■ Supplied information:
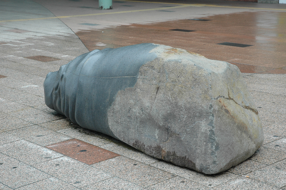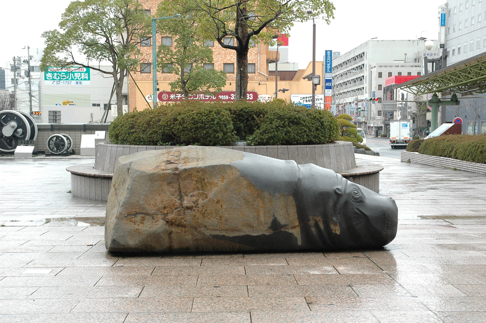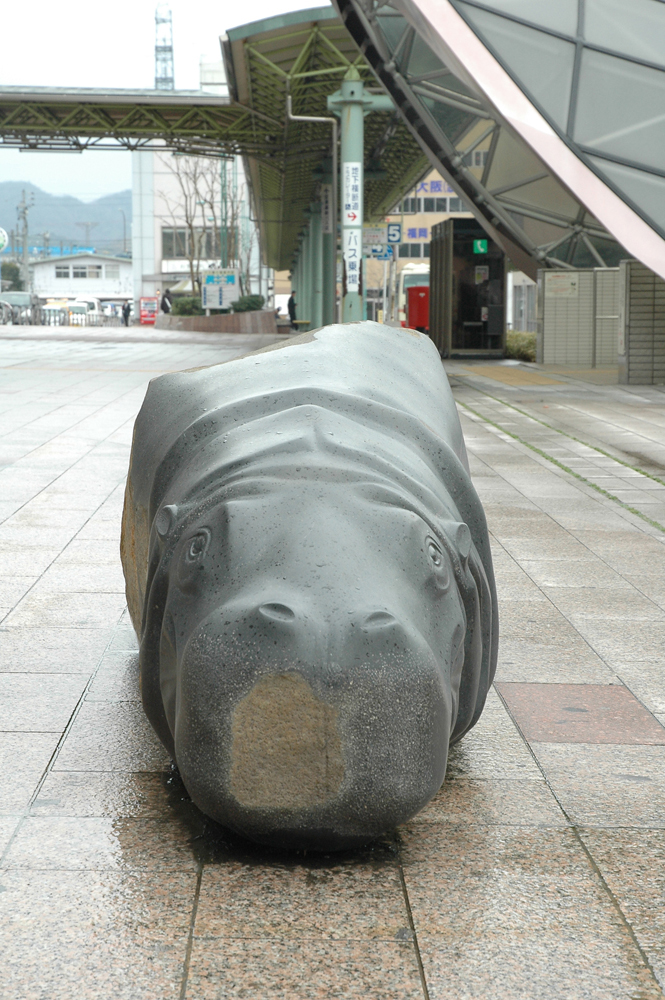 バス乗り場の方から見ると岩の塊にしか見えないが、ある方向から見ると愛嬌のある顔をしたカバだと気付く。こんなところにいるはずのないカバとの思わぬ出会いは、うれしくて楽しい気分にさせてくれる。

==

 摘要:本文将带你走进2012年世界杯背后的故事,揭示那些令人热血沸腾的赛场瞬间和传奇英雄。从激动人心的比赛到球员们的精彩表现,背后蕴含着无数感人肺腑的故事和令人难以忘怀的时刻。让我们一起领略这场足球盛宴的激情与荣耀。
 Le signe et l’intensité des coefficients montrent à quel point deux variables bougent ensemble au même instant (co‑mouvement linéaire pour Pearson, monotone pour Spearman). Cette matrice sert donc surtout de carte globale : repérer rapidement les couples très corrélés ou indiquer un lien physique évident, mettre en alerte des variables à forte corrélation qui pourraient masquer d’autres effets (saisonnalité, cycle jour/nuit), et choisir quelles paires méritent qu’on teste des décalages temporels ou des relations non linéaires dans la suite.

==

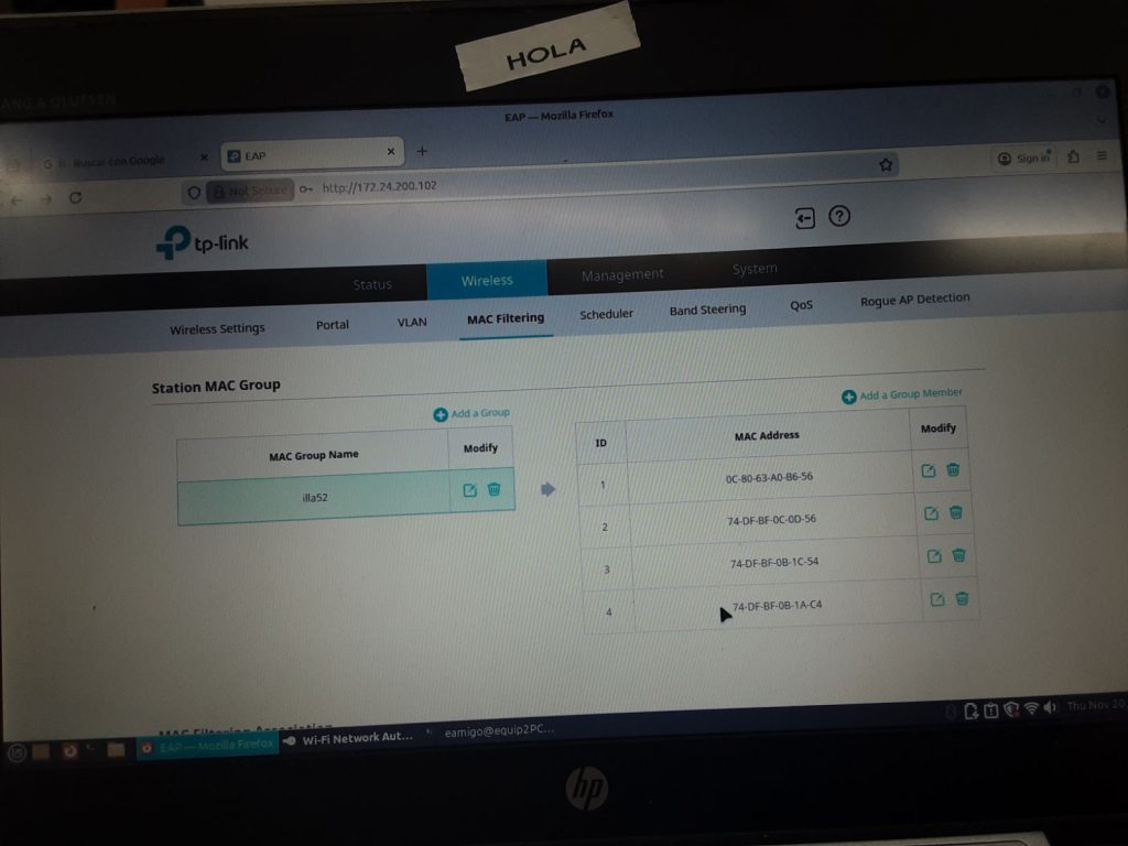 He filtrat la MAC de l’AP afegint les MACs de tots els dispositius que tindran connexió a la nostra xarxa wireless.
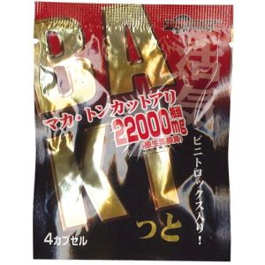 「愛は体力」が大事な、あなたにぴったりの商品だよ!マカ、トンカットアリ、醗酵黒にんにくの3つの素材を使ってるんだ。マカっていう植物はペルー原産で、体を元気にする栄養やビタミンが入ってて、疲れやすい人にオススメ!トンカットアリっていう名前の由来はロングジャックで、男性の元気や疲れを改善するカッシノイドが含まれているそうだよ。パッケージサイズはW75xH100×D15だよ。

■ Activity: Set down, from the entries above, exactly the lines from the one with "摘要:本文将带你走进2012" up to and including the one with "Le signe et", and no other lines.

■ Solution to the problem:
 摘要:本文将带你走进2012年世界杯背后的故事,揭示那些令人热血沸腾的赛场瞬间和传奇英雄。从激动人心的比赛到球员们的精彩表现,背后蕴含着无数感人肺腑的故事和令人难以忘怀的时刻。让我们一起领略这场足球盛宴的激情与荣耀。
 Le signe et l’intensité des coefficients montrent à quel point deux variables bougent ensemble au même instant (co‑mouvement linéaire pour Pearson, monotone pour Spearman). Cette matrice sert donc surtout de carte globale : repérer rapidement les couples très corrélés ou indiquer un lien physique évident, mettre en alerte des variables à forte corrélation qui pourraient masquer d’autres effets (saisonnalité, cycle jour/nuit), et choisir quelles paires méritent qu’on teste des décalages temporels ou des relations non linéaires dans la suite.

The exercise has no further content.